When he went to the observatory, the other astronomers had already come up with Persephone, Pluto the god’s wife. Christy says he thought their suggestion was so good it was automatic, and he went off to move into his new home with help from the guys at the observatory.
“We got moved into the house, and there was no power in the house, so we had no refrigeration or lights, and when we finished up, it was about 10 o’clock at night and I was totally exhausted,” Christy says. “I went to sleep immediately, and then a strange thing happened — I think the strangest thing in my life. About right after midnight, I woke up I was thinking ‘In the morning, I have to tell Charlene that I can’t name the moon after her.’”
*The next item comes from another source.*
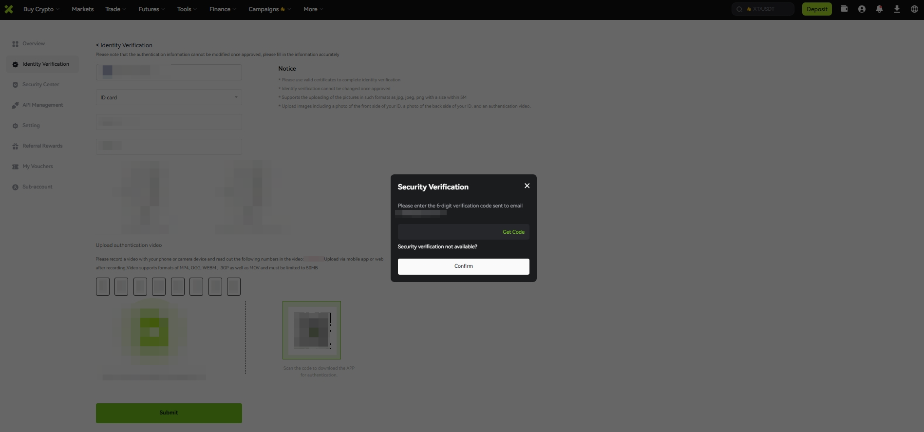 Next you will see the KYC Verification page. Your information will undergo review at this time. XT will finish the verification process within 2 days.

He says that he got up, half asleep, and stumbled through the house with a flashlight looking for the boxes of books.
“I found the dictionary and opened it up, and it said Charon, and in Greek mythology the boatman that sails across the river Hades into the domain of Pluto, and I said ‘OK,’ and I just staggered back to bed.”
He reluctantly told the crew of his decision and the rest is history. To honor Charlene, astronomers now pronounce the moon like “Sharon” instead of the traditional Greek pronunciation, which sounds more like “Karen.”
Christy says he still likes Oz.
“That would go along with Hollywood Pluto, and it would have been great for kids,” he says. “I think that would have been a better choice. I think of all the kids who learn about Pluto and Oz, and there would be a lot of imagination, since nobody would ever see it.”
Harrington, who is often credited as Charon’s co-discoverer for his role in the find, had married James and Charlene’s friend, Betty-Jean Maycock, who actually introduced the Christys. The Harringtons named their daughter Ann Charon.
Bob Harrington died tragically of cancer at the age of 51 in 1993. Christy left the USNO in 1982 so he could return to Arizona. He ultimately retired early in Flagstaff, where he still lives.
What does he expect to see when New Horizons reveals his moon for the first time next month?
“I have no ideas,” he says. “I hope it’s a big surprise and not a flat gray ball.”